Thirty years later, confirmation’s critics were still at it. Writing in the same publication in 1910, Rabbi Max Heller of New Orleans, his indignation in full flower, lamented confirmation’s “theatricalities, rhetorical exuberances, sesquipedalian phrases.” These days, he noted, “confirmation is under fire.”

Their critique hit home. Today, confirmation is far less of a heady, perfumed affair and more of a sustained exercise in group study and social engagement. That the bar mitzvah retained its hold over the Jewish politic and did not disappear, as some within the Reform movement had hoped, even as a brand new ritual for girls—the bat mitzvah—came into being in the 1920s, repositioned confirmation more as a sequel to these two coming-of-age ceremonies than a grand finale, an end in itself.

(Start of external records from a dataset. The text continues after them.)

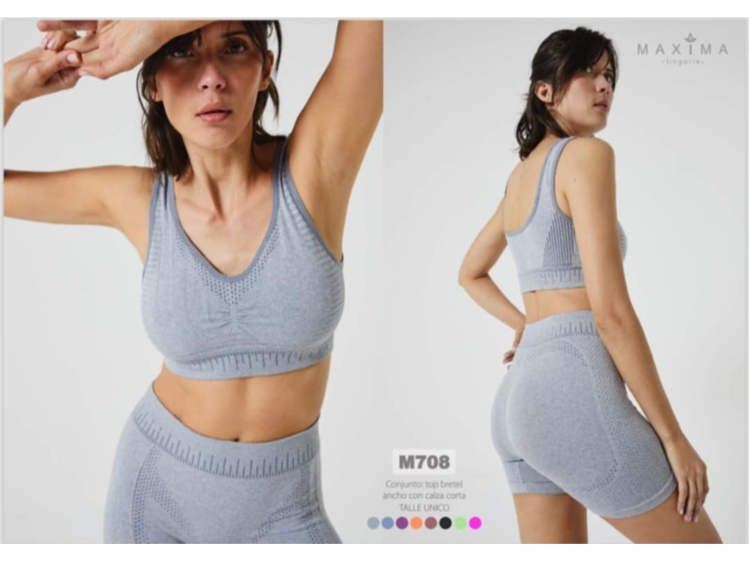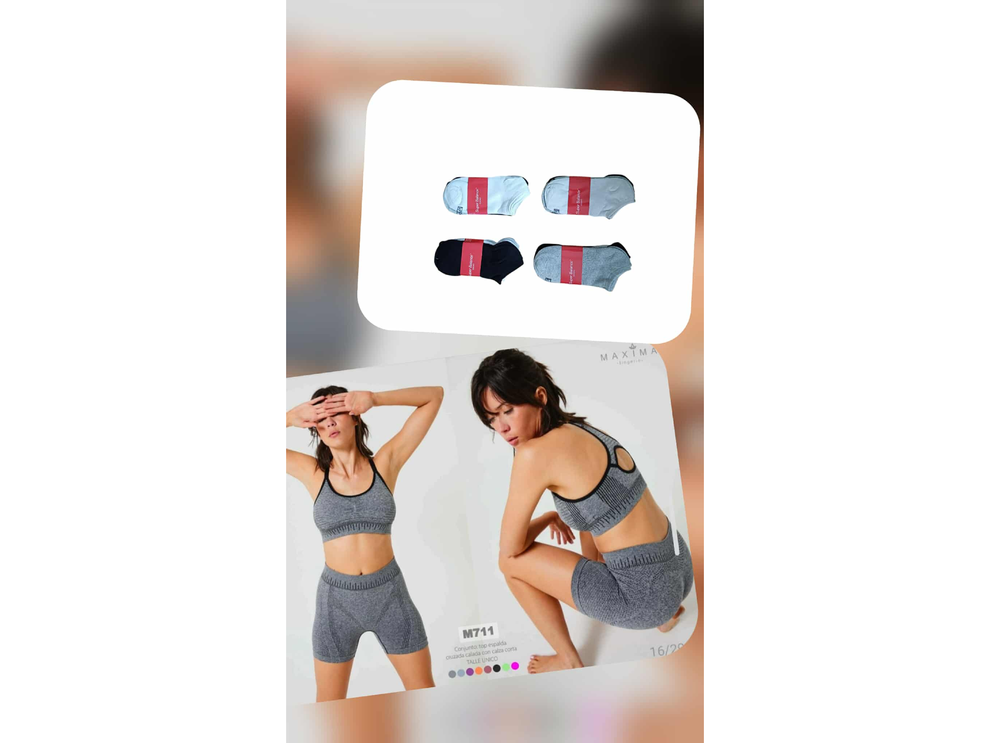 Art OFERTA Conjunto Top Deportivo Bretel Ancho + Calza Corta Push Up Lycra Único Talle Marca Maxima + DOCENA DE SOQUETES Colores Surtidos
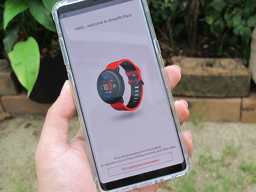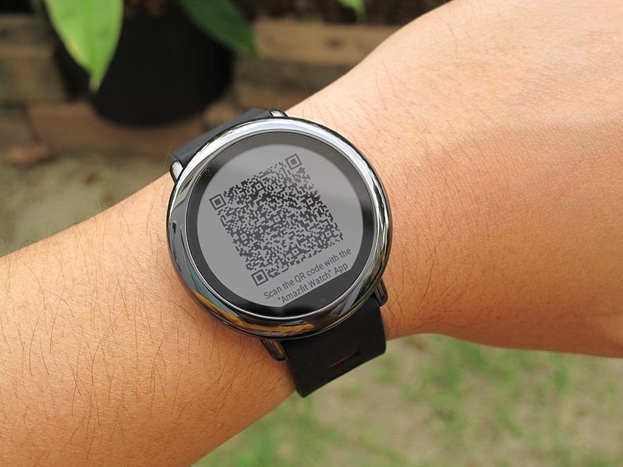 เมื่อเปิดเครื่องและเตรียความพร้อมเรียบร้อย นาฬิกาจะแสดง QR Code เพื่อให้เราทำการสแกนด้วยแอปพลิเคชัน Amazfit Watch เพื่อเริ่มทำการเชื่อมต่อเข้ากับสมาร์ทโฟน ดังนั้นสมาร์ทโฟนของเราควรที่จะติดตั้งแอปพลิเคชนี้เสียก่อน ซึ่งสามารถดาวน์โหลดได้จาก App Store สำหรับ iOS และ Google Play Store สำหรับ Android หลังจากนั้นก็เข้าไปเลือกรุ่นและทำการสแกนได้เลย
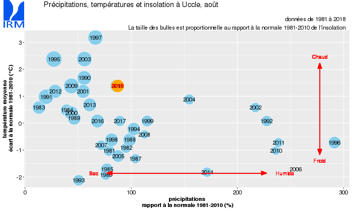 Le tableau ci dessous donne les valeurs mensuelles d'une série de paramètres relevés à Uccle (colonne 'Mois'), ainsi que leurs valeurs mensuelles normales ( 'Norm.') et les valeurs mensuelles records observées de 1981 à 2017 ('Record +' et 'Record -', avec les années). La colonne 'car' donne une caractéristique statistique de la valeur mensuelle observée ('Mois').
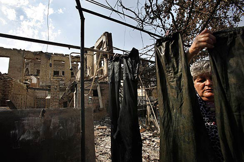 一個茨欣瓦利婦女正在晾曬她剛洗的衣服。她身后是一些在1993年南奧塞梯和格魯吉亞交火中毀掉的建筑

Though diminished in scale, confirmation deserved the fuss America’s Jews had once lavished on it. Extolling the virtue of novelty, one contemporary observer of the 1880s, put it this way in the American Israelite: “No shofar, no fasting, no succah, lulaf [sic] or esrog, no matzoh, maror or cheroses—but flowers, lovely flowers, sweet flowers.” He was on to something. Where so much of Jewish ritual activity spoke of tradition, the weight of the past and the demands of responsibility, confirmation was as fresh as a daisy.

Jenna Weissman Joselit, the Charles E. Smith Professor of Judaic Studies & Professor of History at the George Washington University, is currently at work on a biography of Mordecai M. Kaplan.